→ **Dataset content**:
________
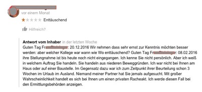 Wer nicht postitiv bewertet, dem wird gleich mal gedroht. Wie passsend von einem Menschen der der Kanzlerin Hochverrat anhängt, Menschen vermutlich vor deren Häusern nachstellen lässt, mit „muslimischen Freunden“ droht, nach Erfahrungsberichten Dritter Kunden bar ohne Rechnung abkassiert, aufrichtige Kollegen offenbar hinterrücks schlechtredet, mit falschen Bewertungen im Internet wirbt, sich gar selbst unter eigenem Namen bewertet , hunderte von  Firmenadressen vorgibt zu haben aber vermutlich noch nicht einmal eine legitime Geschäftsform angemeldet hat, womöglich zu denjenigen gehören, die sich über die soziale Lage im Land erregen aber großzügig Steuern hinterziehen und somit selbst überhaupt nichts für die Allgemeinheit bewegen...
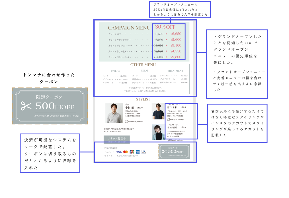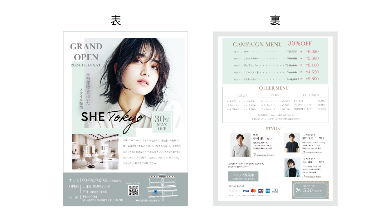架空美容室のグランドオープン告知のフライヤーデザイン制作
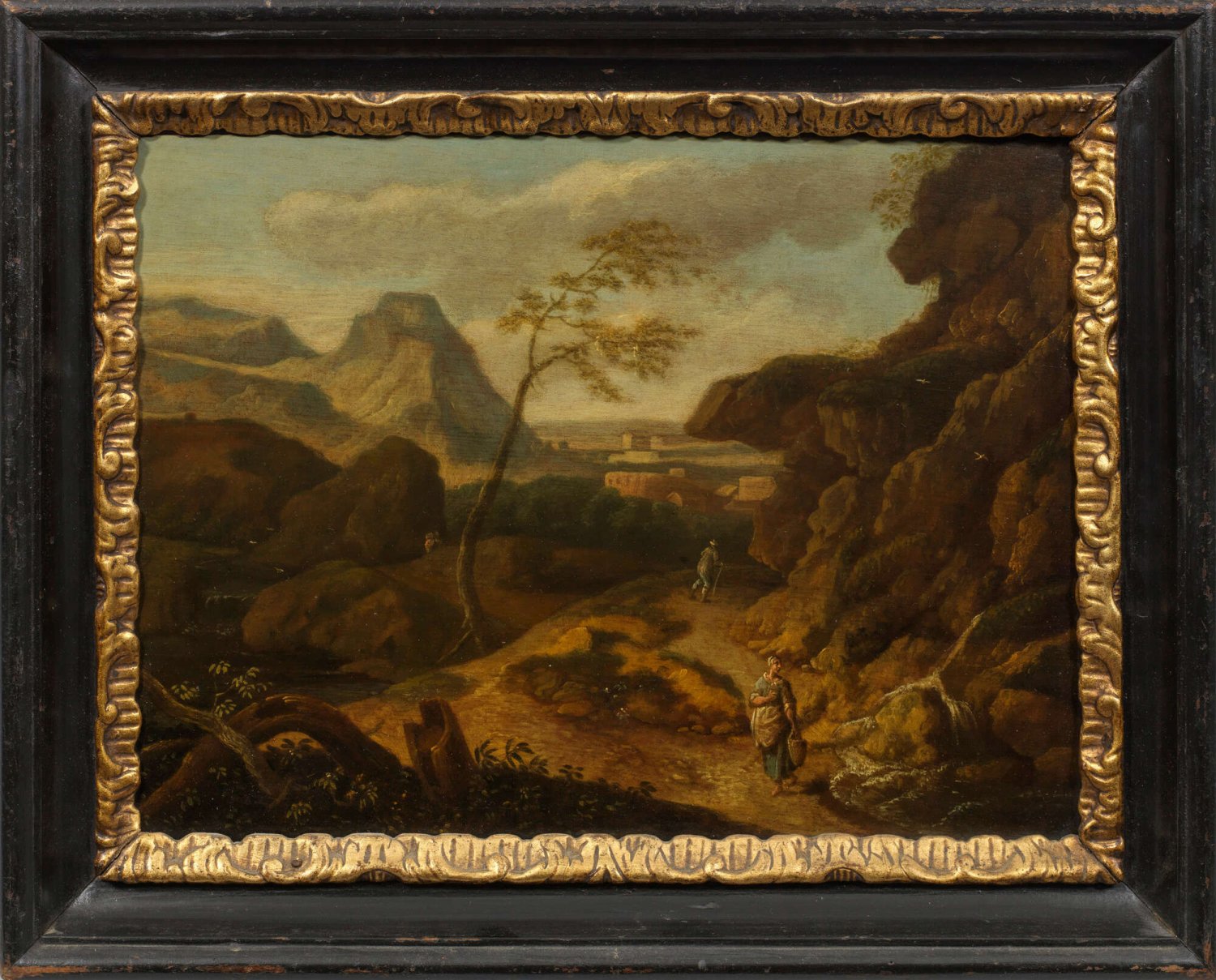 Atmosphärisch gestimmte, italienisierende Landschaft, die den lange anhaltenden Einfluss von Nicolaes Berchem widerspiegelt. Öl/Eichenholztafel. Verso zwei alte Wachs-Siegel mit fürstlichen Wappen. 27,3 cm x 39 cm. Original-Rahmen.
________
→ **Problem description**: Write the material out again exactly. Skip each picture.

→ **Reply**:
 Wer nicht postitiv bewertet, dem wird gleich mal gedroht. Wie passsend von einem Menschen der der Kanzlerin Hochverrat anhängt, Menschen vermutlich vor deren Häusern nachstellen lässt, mit „muslimischen Freunden“ droht, nach Erfahrungsberichten Dritter Kunden bar ohne Rechnung abkassiert, aufrichtige Kollegen offenbar hinterrücks schlechtredet, mit falschen Bewertungen im Internet wirbt, sich gar selbst unter eigenem Namen bewertet , hunderte von  Firmenadressen vorgibt zu haben aber vermutlich noch nicht einmal eine legitime Geschäftsform angemeldet hat, womöglich zu denjenigen gehören, die sich über die soziale Lage im Land erregen aber großzügig Steuern hinterziehen und somit selbst überhaupt nichts für die Allgemeinheit bewegen...
架空美容室のグランドオープン告知のフライヤーデザイン制作
 Atmosphärisch gestimmte, italienisierende Landschaft, die den lange anhaltenden Einfluss von Nicolaes Berchem widerspiegelt. Öl/Eichenholztafel. Verso zwei alte Wachs-Siegel mit fürstlichen Wappen. 27,3 cm x 39 cm. Original-Rahmen.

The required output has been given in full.